Однако миновал срок отдыха, а плот оставался там, где стоял. Мы снова долго возились с длинными слегами. Коряга цепко держала плот. Ничего не оставалось, как только раздеться и вброд переправиться на берег.

Если бы кто-нибудь мог себе представить, как отвратительно вынужденное купание в этих широтах в начале октября!

Через час мы снова, уже наполовину измотанные борьбой с неподатливой корягой, брели лесом по высокому берегу Лупьи. Шли как можно скорей, чтобы согреться. Но в этот день было как-то особенно тяжело идти. Или, может быть, это так казалось после радостной перспективы спокойного плавания, которую мы себе рисовали, садясь на плот?

Наша обувь, кажется, была согласна с нами: путь был и ей не по силам. Сапог Канищева жадно разинул пасть. Мои ботинки, давно уже превратившиеся в белые скользкие опорки, тоже дышали на ладан, и я с трепетом следил за тем, как предательски жалобно, на манер больной лягушки, на каждом шагу хлюпала подметка. Что я буду делать, когда она отлетит? Босиком идти здесь невозможно.

Если бы еще хоть на часок перестал дождь!

Нам было уже все равно – сухи мы сами или мокры. Хотелось только подсушить багаж – хотя бы для того, чтобы он стал легче. В вате моего полупальто было не меньше полупуда воды. Сняв его на плоту, я уже больше не мог просунуть руки в рукава. Они стали тесны, словно туда напихали набухшей губки. После длительного совещания мы пришли к необходимости бросить его. Прощай, наша ночная подстилка!

К концу дня я настоял на том, чтобы и Канищев облегчил свою ношу. Нужно было идти скорее, а нас очень задерживали приборы. После настоящей ссоры мы бросили психрометр и альтиметр. Сохранили только барограф единственный нелицеприятный свидетель того, сколько времени мы летели, на каких высотах, с какой скоростью, как управляли аэростатом.

Багаж Канищева стал более компактным. Я взял у него все, кроме шинели и барографа. На спине у толстяка остался тюк из пудовой шинели, пристроенный ремешками от брошенных приборов.

Думаю, что вид наш был очень жалок.
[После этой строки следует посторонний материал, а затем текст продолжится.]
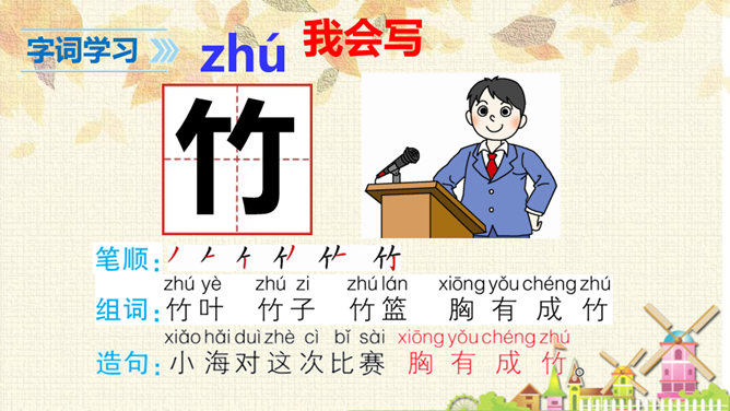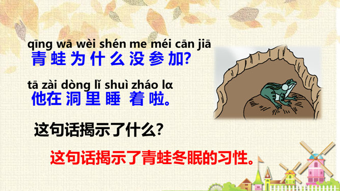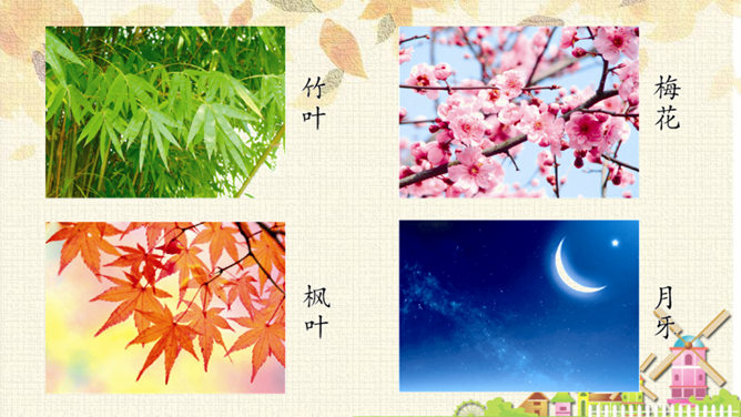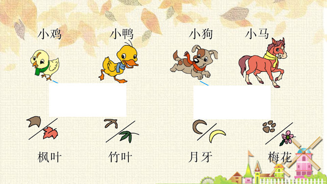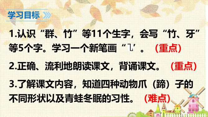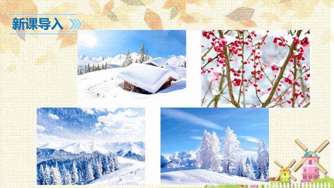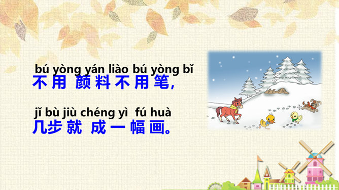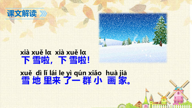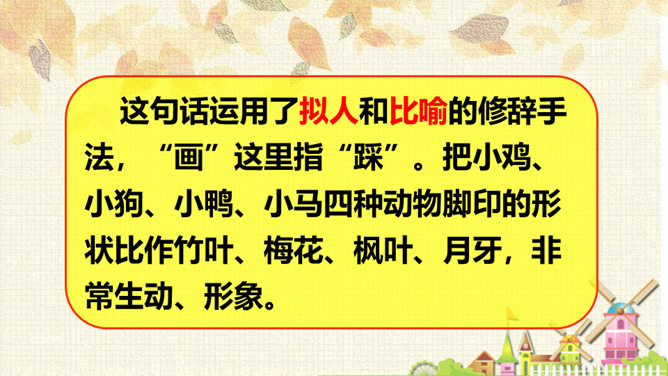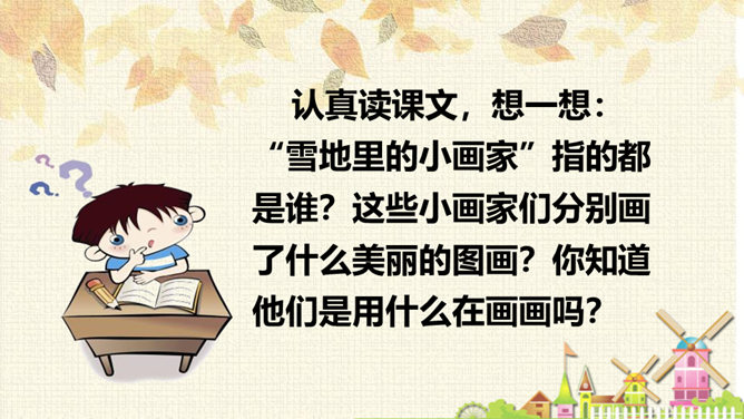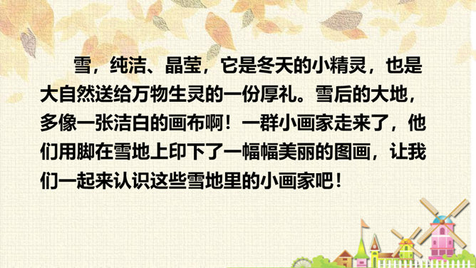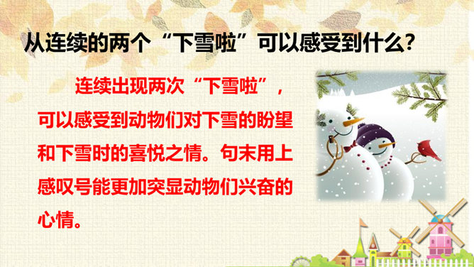 从连续的两个“下雪啦”可以感受到什么?连续出现两次“下雪啦”,可以感受到动物们对下雪的盼望和下雪时的喜悦之情。句末用上感叹号能更加突显动物们兴奋的心情。认真读课文,想一想:“雪地里的小画家”指的都是谁?这些小画家们分别画了什么美丽的图画?你知道他们是用什么在画画吗?这句话运用了拟人和比喻的修辞手法,“画”这里指“踩”。把小鸡、小狗、小鸭、小马四种动物脚印的形状比作竹叶、梅花、枫叶、月牙,非常生动、形象。所属专题:雪地里的小画家ppt。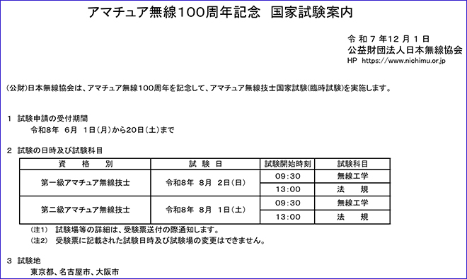またアマチュア無線100周年を記念して行われる臨時試験は、1アマが8月2日(日)、2アマが8月1日(土)に実施され、受付期間は6月1日(月)の0時から同20日(土)23時59分までとなっている。なお試験会場は東京都、名古屋市、大阪市の3箇所であることに注意、詳細は日本無線協会Webサイト アマチュア無線100周年記念 国家試験案内を参照していただきたい。

Но настроение пока оставалось сносным.

Когда я застегнул на груди и спине Канищева сложную систему ремешков, удерживающих поклажу, он удовлетворенно крякнул.

– Вот теперь, маэстро, совсем другой табак! Хотя мою младую грудь в железо заковали, но дышится свободно и легко. Пошли?

И на ходу, помахивая сучковатой палкой, трагически продекламировал, как пускающийся в путь Несчастливцев:

Рука ль моя тебе над гробом строфы сложит Иль будешь ты в живых, как я сгнию в земле…

Мы шли недолго. Путь нам пересек глубокий овраг. Сползши туда на карачках, мы обнаружили на дне его неширокий, но быстрый и глубокий приток Лупьи.

Темно-коричневая вода была холодна, как лед. Судя по виду, я решил, что она должна быть очень горькой, и удивился, обнаружив, что она приятна для питья. Однако температура делала ее совершенно неприемлемой для переправы в брод. К тому же оказалось, что перейти ручей невозможно и потому, что глубина его не меньше трех аршин.

Два часа убили на устройство двухсаженного моста из нескольких тут же поваленных сосенок.

Переправившись, шли уже в сумерках. От реки поднимался пронизывающий туман.

Стогов, которые мы в тайне надеялись опять найти на отмелях, больше не было видно.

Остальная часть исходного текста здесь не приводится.